The keyword in this shift is “panican”, a neologism Trump introduced on April 7th via Truth Social. A blend of “panic” and “American”, the term is both a jab and a litmus test: it mocks those reacting with alarm to market swings while declaring loyalty to a new doctrine of economic nationalism. “Don’t be a panican,” he wrote, calling those who doubt his strategy “weak” and “stupid.” But the provocation contains a blueprint: in the Trump era, politics sets the agenda — markets follow.
It’s not just rhetoric. The United States has granted a 90-day tariff suspension to over seventy countries — with one major exception: China. That exclusion, combined with sweeping protectionist policies, outlines the contours of a strategy that seeks to isolate Beijing and reorient America’s economic alliances. Spearheading the maneuver is Treasury Secretary Scott Bessent, a former Soros ally now turned architect of conservative interventionism.
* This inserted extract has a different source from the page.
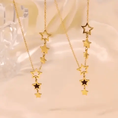 Trendy Ladies Star Pendant Necklace | Titanium Stainless Steel Gold-Plated, Black Acrylic
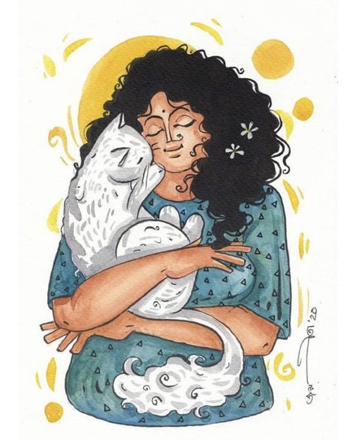 He behaves like a cat !😂 Watercolour and ink on paper.

The financial markets have responded with wild fluctuations. In a single session, the Dow Jones surged nearly 3,000 points, setting a historical record. But such numbers tell only part of the story. Despite sensationalist headlines about “billions burned,” no money is truly lost unless panic drives investors to sell at a loss. Volatility is not destruction — it is the market’s native language. The real battle is psychological: who leads, who adapts, who controls the narrative.
Trump has made it clear that Wall Street will no longer define the framework. From his perspective, the United States must move beyond the logic of efficiency and embrace that of strategic resilience. Supply chains, energy independence, technological sovereignty — these are the new parameters of decision-making. Politics is no longer the polite backroom of economic globalization; it is the command center.
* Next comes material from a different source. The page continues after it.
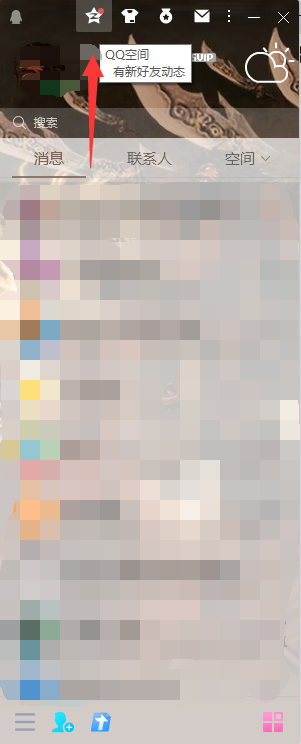 1、最简单的方法就是登录电脑QQ之后,点击上方的QQ空间图标进入。

This approach mirrors — in a western key — the Chinese model, where the boundary between state and enterprise has never truly existed. But it also represents a broader transformation. In Europe, calls for industrial policy are growing louder. Berlin and Paris are recalibrating their national priorities. Even Rome is reconsidering its laissez-faire stance.
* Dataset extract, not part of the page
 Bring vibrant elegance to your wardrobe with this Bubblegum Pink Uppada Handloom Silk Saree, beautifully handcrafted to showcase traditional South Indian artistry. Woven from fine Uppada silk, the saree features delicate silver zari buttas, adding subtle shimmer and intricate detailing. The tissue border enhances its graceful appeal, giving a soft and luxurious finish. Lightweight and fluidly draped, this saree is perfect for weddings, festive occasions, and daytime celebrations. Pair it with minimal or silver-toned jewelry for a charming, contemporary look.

The Trump strategy is not without contradictions. Reasserting state control in the global economy carries the risk of retaliation, inflation, and fractured alliances. But the long-term goal is clear: reducing exposure, restoring negotiating power, and dismantling the taboos that made markets untouchable for decades.
Wall Street, for its part, is recalibrating. It continues to lobby, influence, and maneuver. But it’s no longer calling the tune alone. The White House has reclaimed the baton. And the world, like the markets, must now learn a new rhythm.